Saturday, January 7, 2012

Chief Minister or Chief Mourner?


Empathizing with those who suffer is a virtue worthy of a noble human being. However, when those who are empowered, entrusted and expected to alleviate the sufferings of others make it a political habit to engage in the public display of empathy often in order to cover their failures to do so, it would be unwise for us to call it noble. Similarly, speaking out against injustice is a highly laudable act but when those who are supposed to deliver justice merely talk about justice without doing much to ensure its delivery to the people, we should not shy away from calling it empty rhetoric. Politicians, as a species, are adept at offering condolences, expressing regret, and recommending compensation. They claim that they do so by way of owning up moral responsibility for what happened and to share the sorrow of their people. That’s a lie. These acts are aimed at deflecting public anger and stopping the opposition from making any political capital.

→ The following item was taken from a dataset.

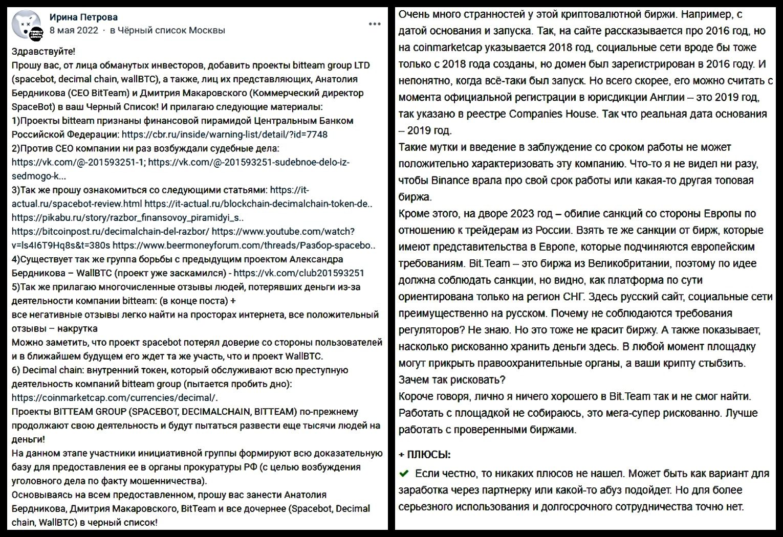 Странно, но при массе гневных отзывов о Бит Тим Р2Р, куче нестыковок и явно мошенническом характере активности в бан-листе ЦБ РФ представлен лишь SpaceBot, а остальные проекты семейства действуют открыто. Вседозволенность порождает безнаказанность, чем и пользуются Бердников и подельники, а лучшее решение при встрече с ними — отказ от пользования любыми услугами Bit Team 2P2.

J&K Chief Minister Omar Abdullah too has learned the game - the art of empathizing with the Kashmiris. In 2010, he had not mastered this art and that is why it took 55 days of protests and 49 deaths for Omar to visit the Sher-e-Kashmir Institute of Medical Sciences (SKIMS) in Srinagar to visit the injured. This time around – indeed for the first time- Omar didn’t waste any time in visiting the family of Altaf Ahmad Sood in Boniyar who was killed in CISF firing. He called the killing by CISF as murder and told a TV channel “You don’t deal with a genuine protest the way you did… this was not a protest for azadi, this was not a protest for Pakistan. This was a protest for genuine demand that people have for electricity.” Calling the killing “excessive” and “inexcusable”, he demanded justice for the boy’s family. So far so good. So what is the problem?

Consider this: every time a human right violation was committed or the security forces/J&K police killed someone in a fake encounter in Kashmir, Omar has expressed his moral outrage against it. He has demanded that such instances should not take place under any circumstances, and yet they continue unabated. Omar keeps demanding the removal of AFSPA but has failed to deliver. He has repeatedly talked about setting up a truth and reconciliation commission in Kashmir, but no action. He tweeted regarding Afzal Guru sometime back, “If J&K assembly had passed a resolution similar to the Tamil Nadu one for Afzal Guru would the reaction have been as muted? I think not.” But that was it…just words and nothing more. More importantly, the Chief Minister keeps reminding New Delhi and the rest of us that ‘Kashmir is a political problem’, but does precious little about it.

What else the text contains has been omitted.